PROMPT -
Make an exact copy of the listing, without images.

DATA BELOW -
====================

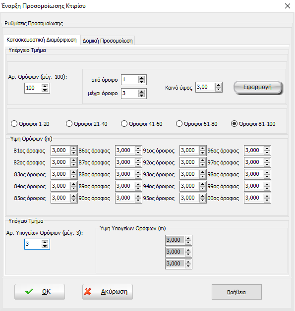 - Κατασκευαστική Διαμόρφωση: Στην καρτέλα Κατασκευαστική Διαμόρφωση ορίζονται ο αριθμός των ορόφων και τα ύψη τους. Δίνεται η επιλογή 1 έως 100 ορόφων, με διαφορετικά ύψη για κάθε όροφο ή εφαρμόζοντας ένα κοινό ύψος για ομάδα ορόφων. Επίσης μπορούν να οριστούν μέχρι τρεις υπόγειοι όροφοι και τα αντίστοιχα ύψη τους. Η προκαθορισμένη επιλογή για αυτή την ενότητα είναι 3 όροφοι με 3m ύψος ο καθένας χωρίς υπόγειους ορόφους.
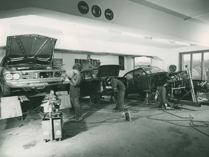Erfolgte die Umwandlung der Carrosserie H. Flückiger in die Carrosseriewerk Flückiger AG. Mit der Gründung der Aktiengesellschaft wurde die Basis für eine Nachfolgeregelung geschaffen. Dies nachdem klar war, dass Christoph Flückiger seinen Bildungsweg so gewählt hat, dass eine Weiterführung des Betriebes sichergestellt ist. Ein Blick in die Werkstatt zeigt die, für damalige Verhältnisse, moderne Einrichtung der Firma.
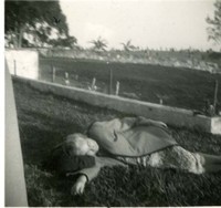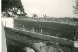 Gabriela Mistral dormitando tendida en el suelo en una zona campestre de México.
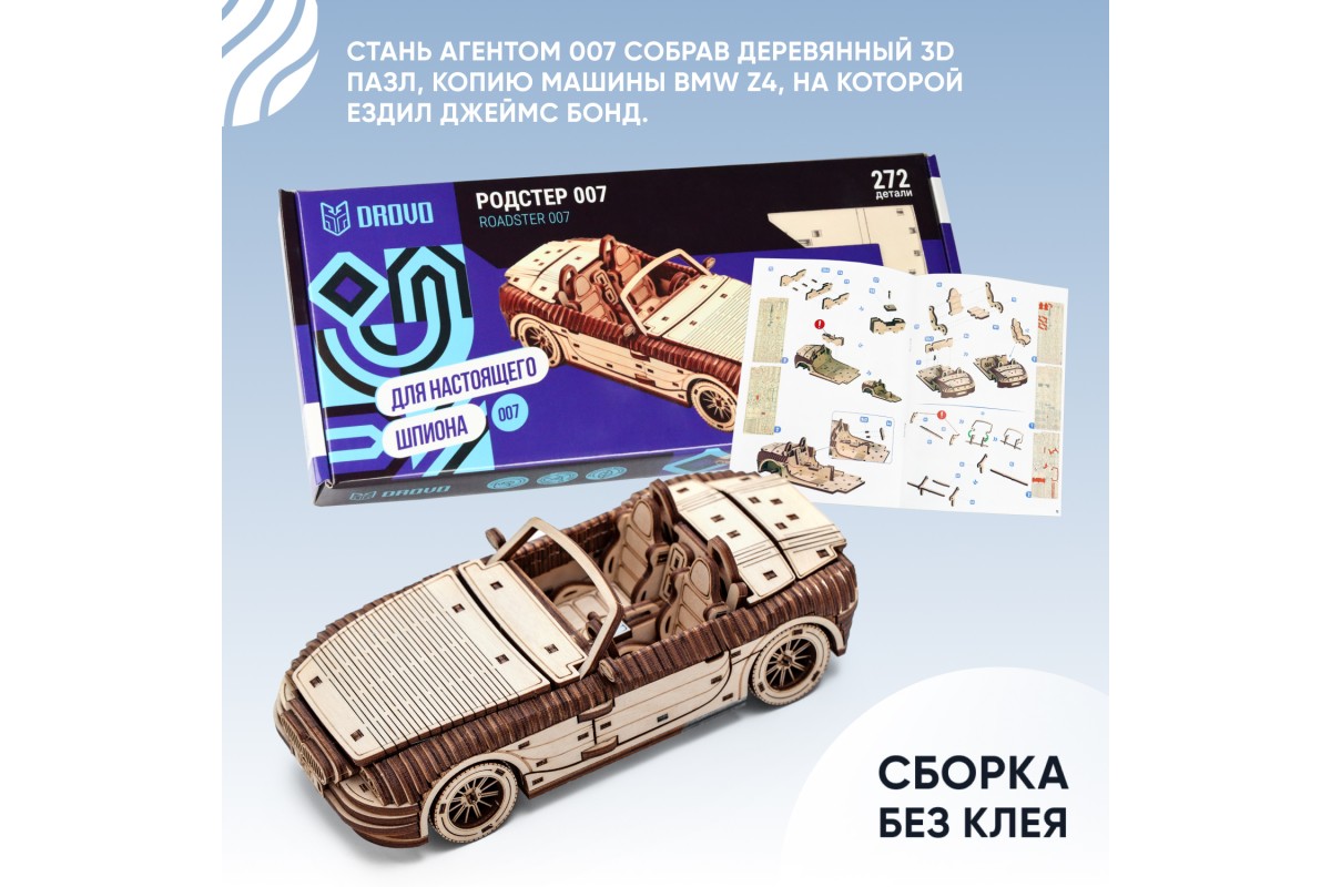 Стань Агентом 007 собрав деревянный 3D пазл, копию машины BMW Z4, на которой ездил Джеймс Бонд.

====================

ANSWER TO THE EXERCISE -
 - Κατασκευαστική Διαμόρφωση: Στην καρτέλα Κατασκευαστική Διαμόρφωση ορίζονται ο αριθμός των ορόφων και τα ύψη τους. Δίνεται η επιλογή 1 έως 100 ορόφων, με διαφορετικά ύψη για κάθε όροφο ή εφαρμόζοντας ένα κοινό ύψος για ομάδα ορόφων. Επίσης μπορούν να οριστούν μέχρι τρεις υπόγειοι όροφοι και τα αντίστοιχα ύψη τους. Η προκαθορισμένη επιλογή για αυτή την ενότητα είναι 3 όροφοι με 3m ύψος ο καθένας χωρίς υπόγειους ορόφους.
Erfolgte die Umwandlung der Carrosserie H. Flückiger in die Carrosseriewerk Flückiger AG. Mit der Gründung der Aktiengesellschaft wurde die Basis für eine Nachfolgeregelung geschaffen. Dies nachdem klar war, dass Christoph Flückiger seinen Bildungsweg so gewählt hat, dass eine Weiterführung des Betriebes sichergestellt ist. Ein Blick in die Werkstatt zeigt die, für damalige Verhältnisse, moderne Einrichtung der Firma.
 Gabriela Mistral dormitando tendida en el suelo en una zona campestre de México.
 Стань Агентом 007 собрав деревянный 3D пазл, копию машины BMW Z4, на которой ездил Джеймс Бонд.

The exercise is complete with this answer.